- RBA minutes: Lower AUD needed to support inflation and trade
- RBA policymakers not too concerned about house price bubble yet
- Analysts concluded that RBA is maintaining its easing bias
- New Zealand quarterly inflation expectations up from 1.8% to 1.9%
- Japanese Finance Minister Aso: Fiscal policy changes needed to support QE
- U.K. CPI figures up for release today
Aussie traders seemed to brush off the downbeat RBA monetary policy meeting minutes released in today’s Asian trading session, as most forex market watchers have already heard all about it during the actual rate statement. As Governor Stevens mentioned a few weeks back, economic growth remains below trend, joblessness is expected to rise, and trade activity with China could slow down. No surprises there!
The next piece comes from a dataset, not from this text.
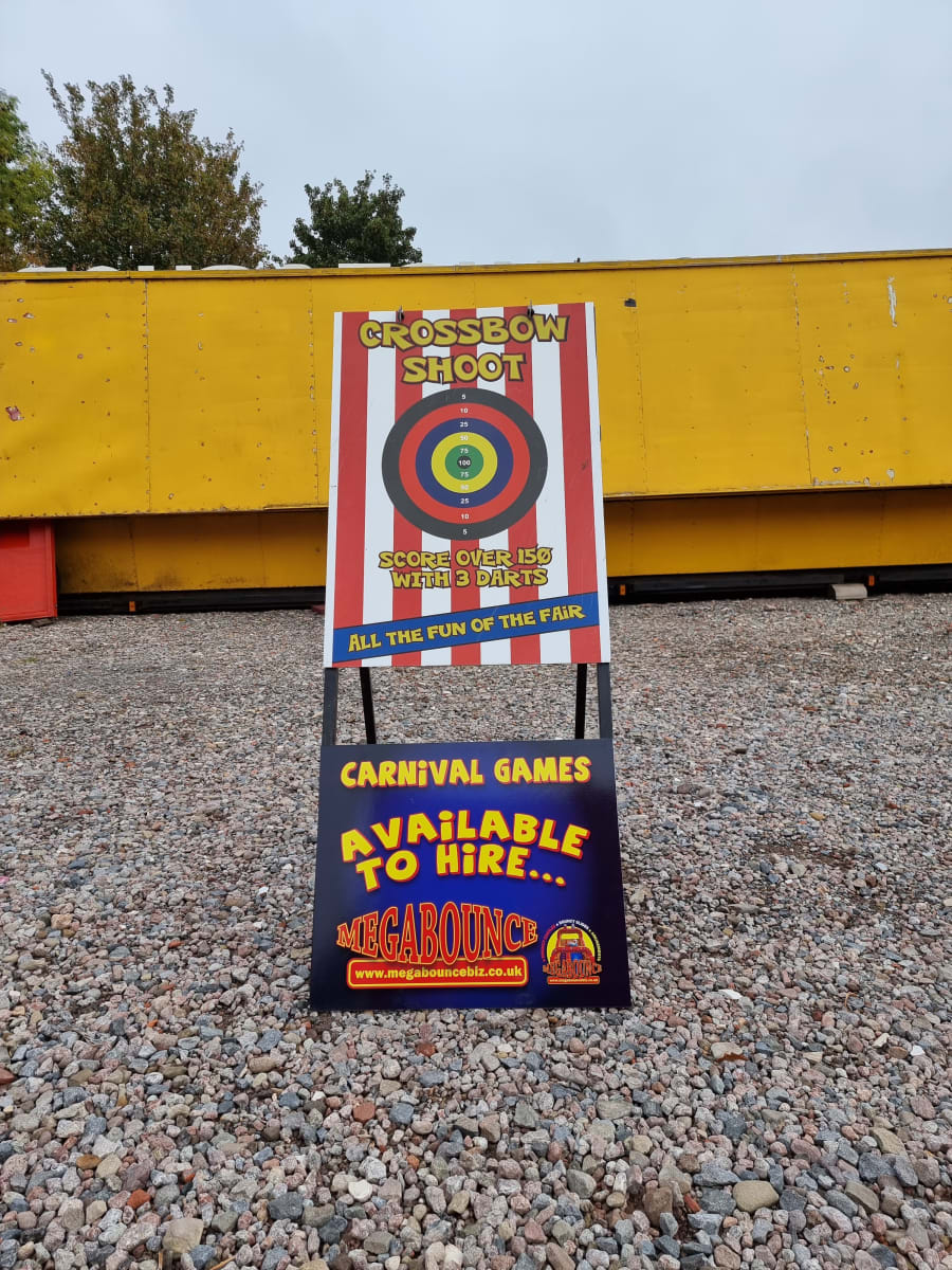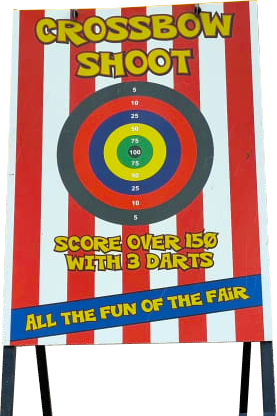 Crossbow target is a brightly coloured eye-catching side stall which is sure to grab everyone’s attention. Although fun, it is also very challenging! It can be difficult to win, so make sure your guests bring their A game! The objective of this game is to move the Crossbow in the direction you want to aim. Place your dart in the Crossbow. It’s a challenge for your aim persistence and strength control.

What’s interesting to note though is that policymakers actually debated whether to cut interest rates during their policy statement this month or to put it off until June, which would give them time to incorporate any changes in the government budget. In addition, RBA officials also noted that they aren’t too concerned about stoking a house price bubble by lowering rates, emphasizing that they are ready to work with housing market regulators to keep any risks contained. As always, policymakers reiterated that the Australian dollar’s appreciation is putting a negative drag on price levels and export growth.
AUD/USD managed to hold on to the .8000 handle (+0.03%) after the minutes were released while AUD/JPY is keeping its head above the 96.00 handle (+0.01%) for now. While the Aussie was able to sustain its gains against the euro and the pound, with EUR/AUD down 24 pips (-0.17%) and GBP/AUD lower by 2 pips (-0.01%), the currency gave up ground to its comdoll rivals. AUD/CAD is down 8 pips (-0.06%) and is testing support at .9700 while AUD/NZD is looking at a 50-pip loss (-0.49%).
Of course the Kiwi managed to draw some support from improved inflation expectations, which tend to translate to an actual pick up in consumer price levels later on. The reading climbed from 1.8% to 1.9% for the first quarter of this year, suggesting that a pickup could be seen in the coming months. NZD/USD is up 38 pips (+0.52%) and is closing in on the .7450 minor psychological handle.
Meanwhile in Japan, Finance Minister Taro Aso mentioned in his testimony that quantitative easing can only do so much in terms of shoring up inflation and growth. He added that fiscal policy changes and additional growth strategies must be put in place to help Japan ward off deflationary trouble.
Inflation could continue to be the talk of the town in the upcoming London trading session, as the U.K. is set to print its latest CPI readings. Headline inflation is slated to post another flat reading for April while the core CPI could hold steady at 1.0%, with any downside surprises likely to support the BOE’s prediction that price levels could continue to tumble for quite some time.
Do stay tuned for the release of the German and euro zone ZEW economic sentiment indices for May also since these could indicate whether investors and analysts are still optimistic that a sustained recovery will carry on in the region. Along with this, the final euro zone headline and core CPI readings are due and no revisions to the previous readings are expected. Be on the lookout for any potential surprises though!